Life-giving Love

Given the invitation to write on the theme of ‘love,’ Kupenda for the Children came to mind. Based in Kilifi, Kenya, Kupenda equips children with disabilities to achieve their God-given potential by working with families and faith-leaders to transform harmful beliefs about disabilities. Kupenda is also a Vista Hermosa Foundation grant partner. When we sat down with Cynthia Bauer, U.S. Executive Director and Co-Founder, we invited her to share a story of love, where love grew in a family, where maybe love was absent before because of the stigma surrounding disability.

Cynthia’s response got to the heart of a much more challenging question: what does it mean to practice love, the wish for ourselves and others to be happy, in the face of illness, physical pain, death or loss?

The story that comes to mind is a recent one. It’s somewhat tragic but not at the same time. It’s not going to have the ending you think it will. I think we tell a lot of stories that have happy endings and everybody’s okay, right? In this particular one, there is a young man named Jerald who had Duchene muscular dystrophy. If you know anything about that condition, it is fatal 100% of the time. Usually by the time someone is in their early 20’s it has progressed to a point where they will die.

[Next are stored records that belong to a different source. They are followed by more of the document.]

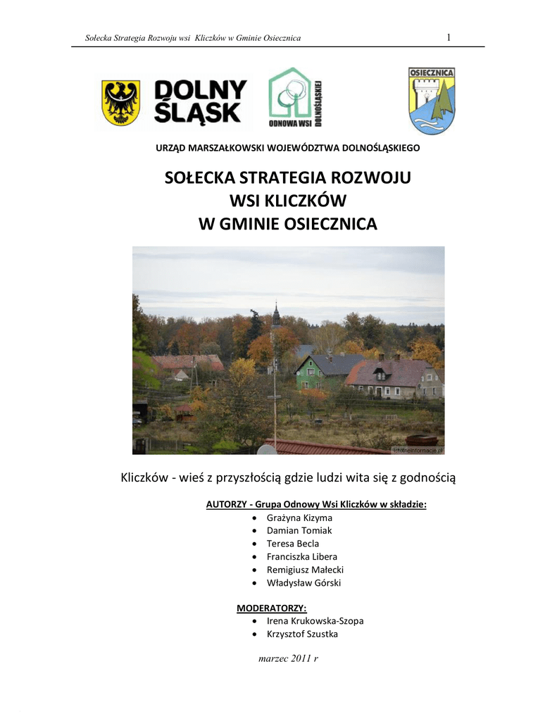 sołecka strategia rozwoju wsi kliczków w gminie osiecznica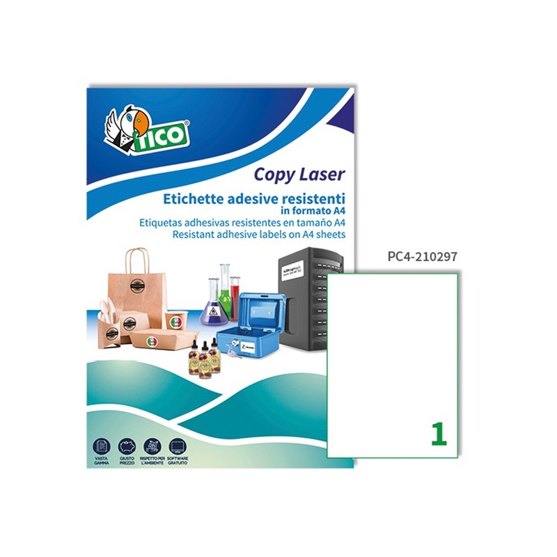 Etichette adesive PC4 - in poliestere - laser - permanenti - 210 x 297 mm - 1 et/fg - 100 fogli - trasparente - Tico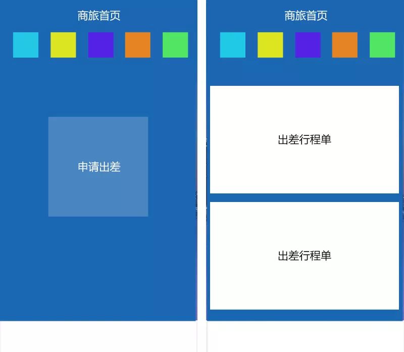 当有了行程和订单时,用户的使用关注点改变,以卡片式设计的申请单出现,代替了原有位置的“+”申请出差图标,“+”常驻在页面底部菜单栏,随时可以使用。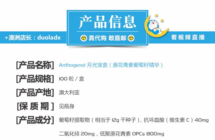 Австралийский антогенол лунный свет сокровища натуральные разбавленные оригинальные антоцианиновые виноградные семена Essence 100 капсулы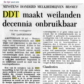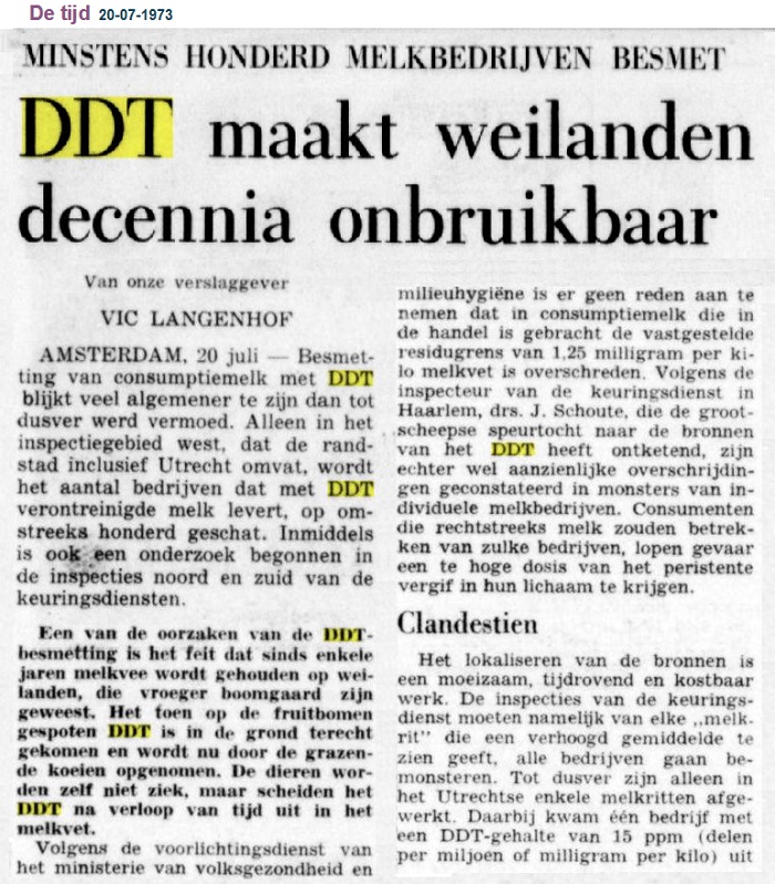 Volgens de voorlichtingsdienst van het ministerie van volksgezondheid en milieuhygiëne is er geen reden aan te nemen dat in consumptiemelk die in de handel is gebracht de vastgestelde residugrens van 1,25 milligram per kilo melkvet is overschreden. Volgens de inspecteur van de keuringsdienst in Haarlem, drs. J. Schoute, die de grootscheepse speurtocht naar de bronnen van het DDT heeft ontketend, zijn echter wel aanzienlijke overschrijdingen geconstateerd in monsters van individuele melkbedrijven. Consumenten die rechtstreeks melk zouden betrekken van zulke bedrijven, lopen gevaar een te hoge dosis van het peristente vergif in hun lichaam te krijgen.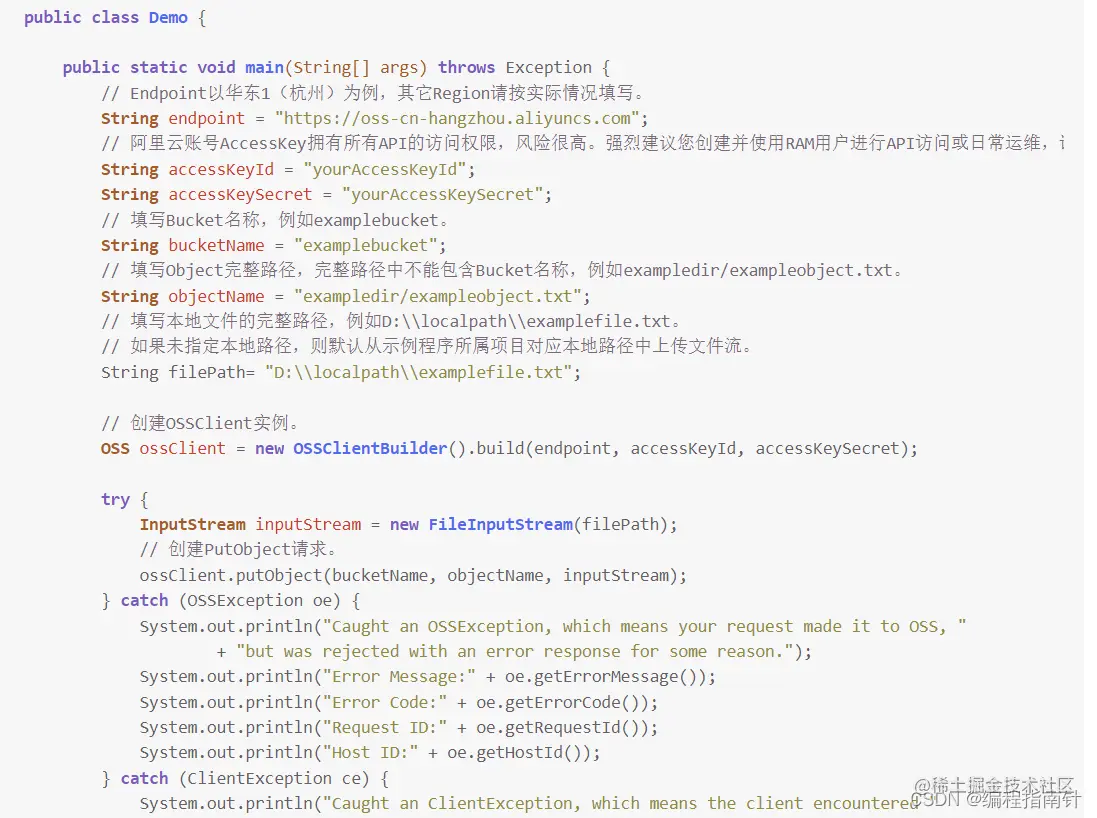 OSSClient ossClient = new OSSClient(endpoint, accessKeyId, accessKeySecret);
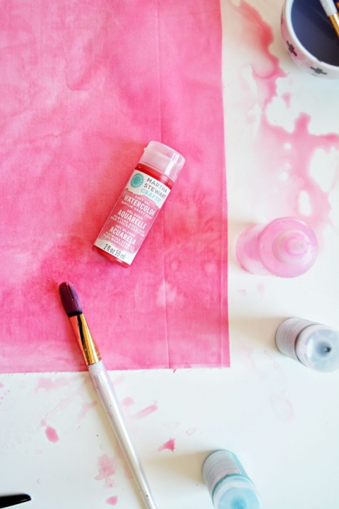 – Apply a drop of paint of your choice, squirt some water over the paint and then use a brush to dab around the fabric. Use more water to spread the watercolor. Have fun with it and use water to dilute and make the color lighter. Water is the key!

People in Jerald’s community were saying that he was cursed by witchcraft and that it was the father’s fault that this was happening because somehow there is a [traditional belief] that you can make money from it. In the process, when Jerald was in a place where he needed more support because he [couldn’t] walk anymore and so on, his mom passed away and people said it was the father’s fault. Like somehow there is a curse on the community, a curse on the family that was making this happen.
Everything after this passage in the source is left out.